We need to make sure we know how many observations we have. While there are currently 393 observations in our sample, we may have missing data in our variable of interest!

We can use filter to remove any which are missing (or NAs).
Take a bit of time to look at what each bit of this does. To help figure it out, try seeing what is.na(c(NA,1,2)) does. Then try !is.na(c(NA,1,2)).

survey_data <- read_csv("https://uoepsy.github.io/data/surveydata_allcourse.csv") 
survey_data <-
  survey_data %>% filter(!is.na(birthmonth))
Question A1

What is your intuition about the distribution of all students’ birth-months?
Do you think they will be spread uniformly across all months of the year (like a fair 12-sided dice), or do you think people are more likely to be born in certain months more than others?

Plot the distribution and get an initial idea of how things are looking.

Tip: You can do this quickly with barplot() and table(), or you could create try using ggplot() and looking into geom_bar().

(We’ve made the solutions visible immediately for this question, because they contain some useful little bits of code for re-ordering the months)

Solution

Question A2

We’re going to perform a statistical test to assess the extent to which our data conforms to the hypothesis that people are no more likely to be born on one month than another.

Under this hypothesis, what would be the proportional breakdown of observed births in each of the months?

Solution

Question A3

Given that there are there are 390 people who entered their birth-month, how many observations would we expect to find with a birthday in January? And in February? … and so on?

Solution

The test procedure we are about to apply is called a chi-square goodness-of-fit test.

It applies to a categorical variable, and the null hypothesis asserts specific values for the population proportion in each category. The alternative hypothesis simply states that at least one of the population proportions is not as specified in the null hypothesis.

As always, the test statistic measures how far the observed sample results deviate from what is expected if the null hypothesis is true. With a chi-square test, you construct the test statistic by comparing the observed sample counts in each category to the expected counts under the null hypothesis.
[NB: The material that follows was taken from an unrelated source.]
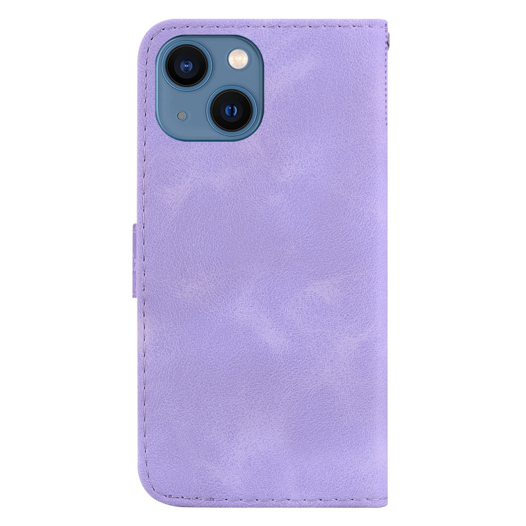 Funda de Teléfono iPhone 14 Plus Cuero En Relieve En Forma de 7 (Púrpura)

The test-statistic (denoted \(\chi^2\), spelled chi-square, pronounced “kai-square”) is obtained by adding up the standardized squared deviations in each category:
\[ \chi^2 = \sum_{i} \frac{(\text{Observed}_i - \text{Expected}_i)^2}{\text{Expected}_i} \]

Question A4

The code below creates counts for each month:

survey_data %>%
    group_by(birthmonth) %>%
    summarise(
        observed = n()
    )

(A shortcut for this would be survey_data %>% count(birthmonth))

Add to the code above to create columns showing:

  • the expected counts \(E_i\)
  • observed-expected (\(O_i - E_i\))
  • the squared differences \((O_i - E_i)^2\)
  • the standardised square differences \(\frac{(O_i - E_i)^2}{E_i}\)

Then calculate the \(\chi^2\) statistic (the sum of the standardised squared differences).
If your observed counts matched the expected counts perfectly, what would the \(\chi^2\) statistic be?

Solution

Question A5
You can see the distribution of \(\chi^2\) distributions with different degrees of freedom below.
Chi-Square Distributions

Figure 1: Chi-Square Distributions

We can find out the proportion of the distribution which falls to either side of a given value of \(\chi^2\) using pchisq(). We need to give it our calculated \(\chi^2\) statistic, our degrees of freedom (df), which is equal to the number of categories minus 1. We also need to specify whether we want the proportion to the left (lower.tail=TRUE) or to the right (lower.tail=FALSE).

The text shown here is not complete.